Sunday, August 22

Fire Sale on Shuttles

NASA is seeking out museums and other parties that are willing to display the retired shuttles.  The only hitch is that you need to pay about $29 million just to get the shuttle to your location since it will be delivered via a special Boeing 747.  The Wall Street Journal had a good article on NASA's search, titled Shuttle Diplomacy: Museums Launch Bids for Retiring Space Planes.  One of the new locations has already been decided - Washington DC's National Air and Space Museum. The museum will be getting the shuttle Discovery.  And while the museum already has the shuttle Enterprise (which never left the ground), it is willing to put the Enterprise back into play so it is now one of the three shuttles to be relocated (the other two being Atlantis and Endeavour, since the Challenger and Columbia are no longer with us).

NASA requires that the other locations be in the United States and near a large airport that can handle the 747.  Another condition is that you need to get the shuttle from the airport to the proposed location intact, which is no easy feat for many locations.  Some potential future hosts of shuttles include New York City's Intrepid Sea, Air & Space Museum, Dayton's National Museum of the U.S. Air Force, Seattle's Museum of Flight, Houston's Johnson Space Center, and the Kennedy Space Center Visitor Complex.  Competition will be fierce, and congressional leaders are expected to muddy the waters with their own pleas. 

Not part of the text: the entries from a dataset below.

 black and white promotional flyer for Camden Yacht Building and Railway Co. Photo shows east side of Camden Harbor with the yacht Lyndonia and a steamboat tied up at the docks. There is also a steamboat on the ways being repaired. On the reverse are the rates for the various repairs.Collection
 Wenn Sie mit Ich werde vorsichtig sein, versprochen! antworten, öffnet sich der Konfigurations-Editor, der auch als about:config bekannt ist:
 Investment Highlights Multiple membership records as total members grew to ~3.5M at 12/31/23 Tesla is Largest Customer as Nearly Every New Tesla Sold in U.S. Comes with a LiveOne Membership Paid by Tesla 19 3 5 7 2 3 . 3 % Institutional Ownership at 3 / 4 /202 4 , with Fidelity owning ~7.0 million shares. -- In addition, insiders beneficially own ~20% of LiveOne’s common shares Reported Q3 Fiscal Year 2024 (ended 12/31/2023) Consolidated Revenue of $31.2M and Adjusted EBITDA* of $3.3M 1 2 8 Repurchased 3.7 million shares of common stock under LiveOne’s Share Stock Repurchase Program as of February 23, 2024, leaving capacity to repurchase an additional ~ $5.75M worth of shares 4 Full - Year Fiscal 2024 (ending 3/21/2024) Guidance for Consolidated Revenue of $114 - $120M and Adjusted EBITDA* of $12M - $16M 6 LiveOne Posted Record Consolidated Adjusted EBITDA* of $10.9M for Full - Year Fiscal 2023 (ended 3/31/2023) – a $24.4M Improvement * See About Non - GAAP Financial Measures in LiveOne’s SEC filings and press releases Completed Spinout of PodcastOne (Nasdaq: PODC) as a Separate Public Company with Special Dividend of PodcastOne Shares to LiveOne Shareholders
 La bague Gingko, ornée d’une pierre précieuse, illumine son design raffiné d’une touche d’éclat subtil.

I am a bit concerned that we are fighting over these museum relics while our space program currently has nothing on the drawing board to replace the shuttle.  Remember the Soviet Union's Buran?  This Soviet shuttle was a complete rip-off of our space shuttle, which is itself a sad story given the Soviets great strides in space travel.  But the really sad story is the final end to the Buran.  It was retired in 1993 and destroyed when a hangar collapsed in 2002.  Nothing similar was ever tried again.

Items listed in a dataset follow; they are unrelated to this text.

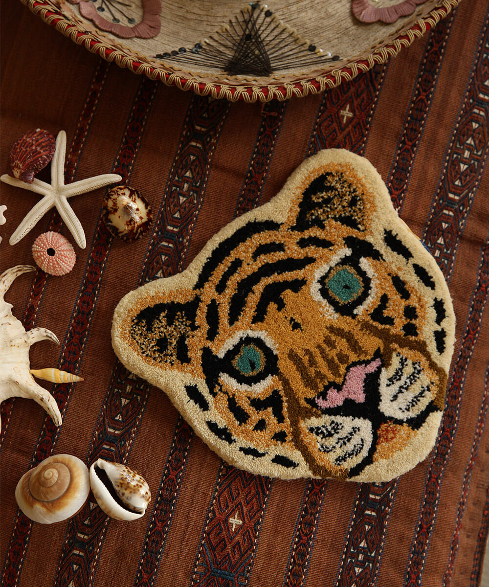 This lovely Cloudy Tiger Head Rug can be used as wall decoration or as an accent to your floor or dining bench. They will cheer up any room. The Cloudy Tiger Head Rug is part of our very own Tapis...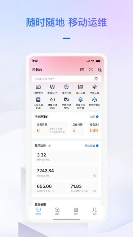 阿里云App,阿里云官方出品,满足您随时随地触达阿里云的需求。您可以购买、管理云资源,监控产品数据,接收报警,与阿里云AI助理进行咨询对话,与人工客服沟通等。安全、便捷、快速,帮助您在手机中掌握阿里云的服务。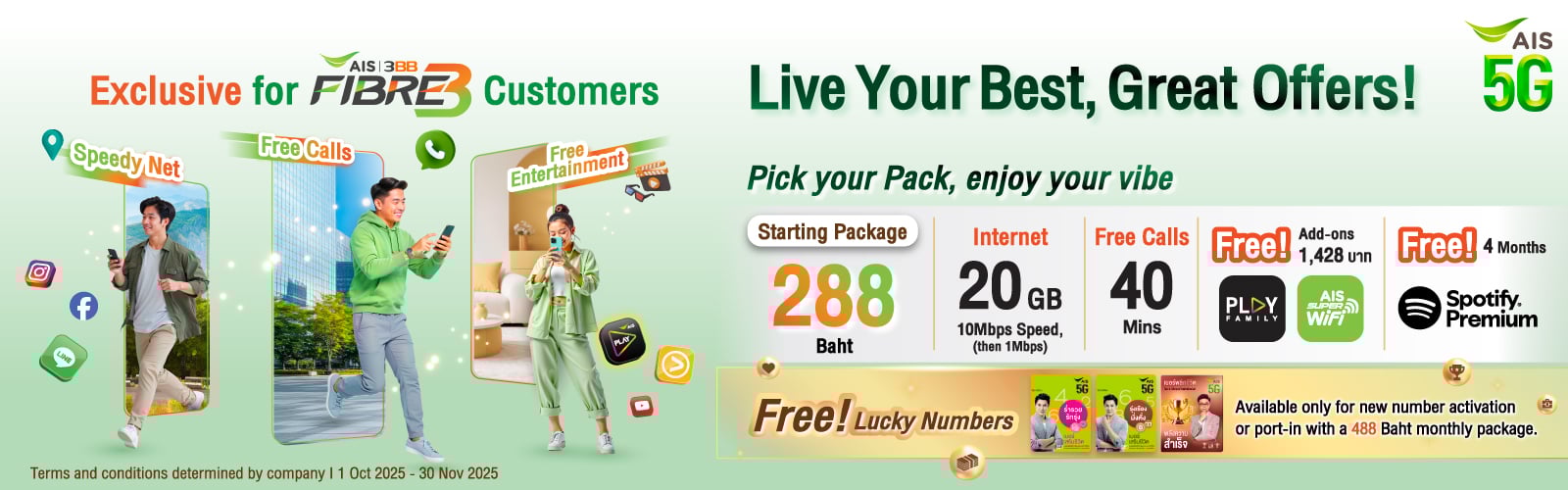 New Sign-ups: Available exclusively for AIS postpaid customers through 3BB Shop.

However, the Russians still have the last laugh since they currently have the only spacecraft that can get American astronauts up to the International Space Station.  Even more interesting, there were rumors of the Russian's trying to revive the Buran shuttle program to take advantage of the demise of the U.S. Space Shuttle program.  I have not read anything new about this, but it would certainly be an interesting turn of events.